The new Simplex also proposes to reinforce the valorization of consolidated urban areas and affordable housing through priority processing and tax benefits. However, this incentive policy may widen the gap between municipalities with greater technical and financial capacity and those where urban planning departments remain understaffed. Administrative simplification, when applied unevenly, is not synonymous with territorial equity — rather, it becomes a factor of asymmetry.

For legal practitioners, the 2026 regime will demand a new interpretative approach. The replacement of the licensing logic by that of direct technical responsibility shifts the center of gravity of public control to the domain of private self-verification, strengthening the role of designers and responsible technicians but also increasing the risk of future litigation. Normative clarity will be crucial to prevent “speed” from translating into heightened legal disputes.

At the political level, this reform fits within a narrative of modernization and trust in citizens, but its success will depend less on the rhetoric of simplification and more on the institutional capacity of the State. True digitalization is not merely the electronic submission of processes, but the reconfiguration of decision-making flows and administrative accountability.

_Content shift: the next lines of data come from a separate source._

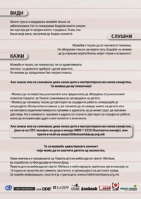 With an intention to encourage the children, the parents, the neighbors, and the closest ones not to be quiet about any form of violence but to report it, we start with the campaign Notice it, hear it, say it. Subsequently, the intention is to influence the creation of better parenthood and to raise the awareness for the need of support and help for the children. Because of this the campaign’s motto is The parents who beat their children want to hide that.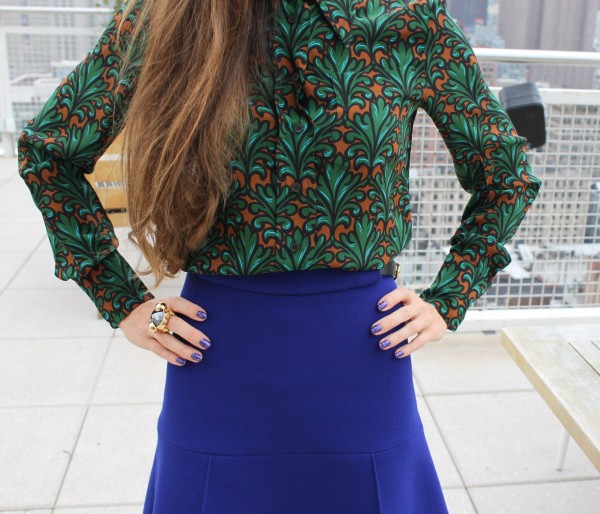My look: Printed silk crepe de chine shirt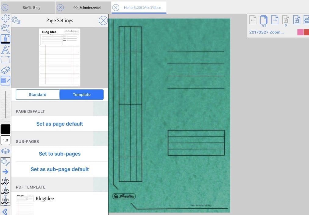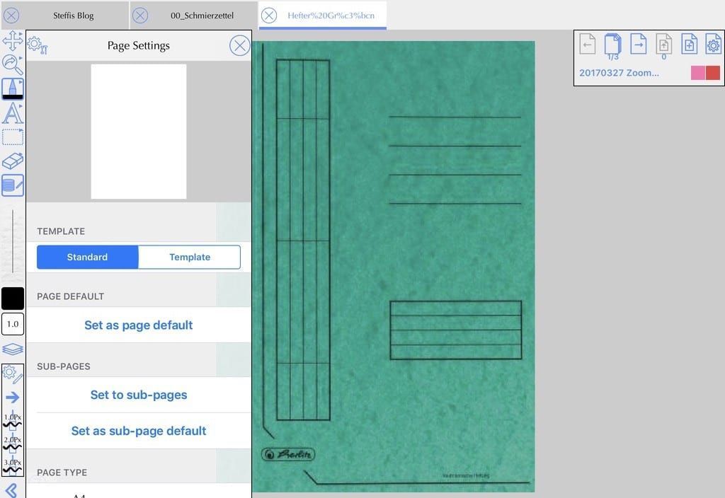 Wie bereits erwähnt kannst Du Deine eigenen Vorlagen ganz einfach in ZoomNotes einsetzen und zwar als Dokumenten- und Seitenvorlage.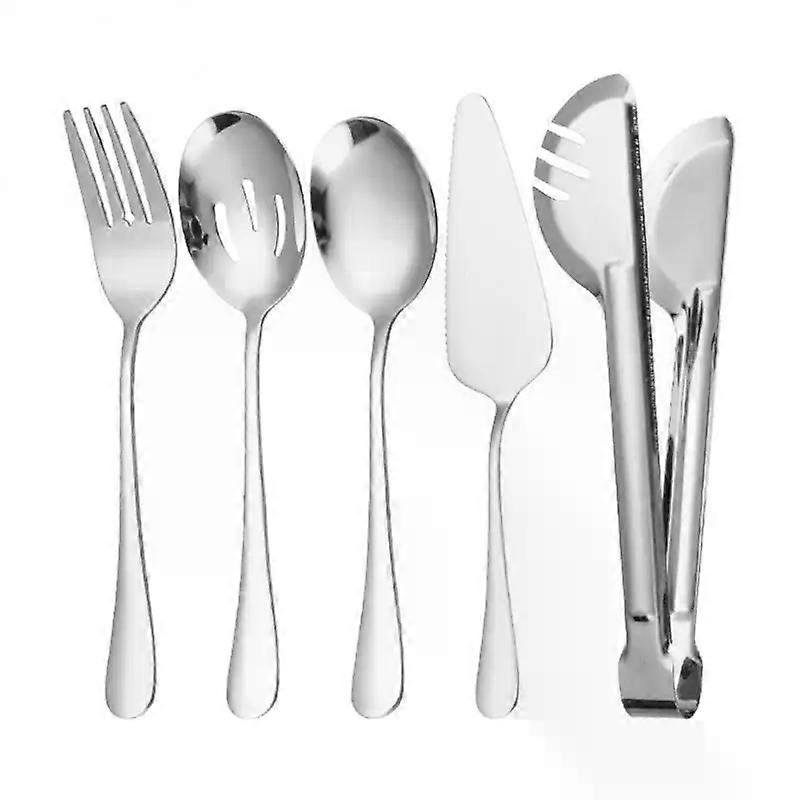 5Pcs/Set Stainless steel communal food serving spoon Colander serving spoon Communal tableware set suitable for family dinners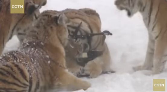 Televizioni shtetëror kinez ka publikuar pamjet e një ‘gjahu’ krejtësisht të pazakontë; një tufë tigrash siberianë, të cilët po filmoheshin nga një dron në një rezervat natyror në provincën Heilongjiang, duket se nuk u ka pëlqyer mysafiri i paftuar.

“In sum, the Urbanistic Simplex 2026 is an ambitious attempt to rewrite the relationship between the State, municipalities, and citizens within the realm of urban planning. But the risk is that, in the name of speed, the essential may be sacrificed: the control of legality, the coherence of planning, and the protection of the public interest. Simplification cannot become a euphemism for deregulation. Time will tell whether this new cycle will, in fact, represent institutional progress — or merely another episode in the long history of reforms that promise much and deliver little,” concludes Mário Longras.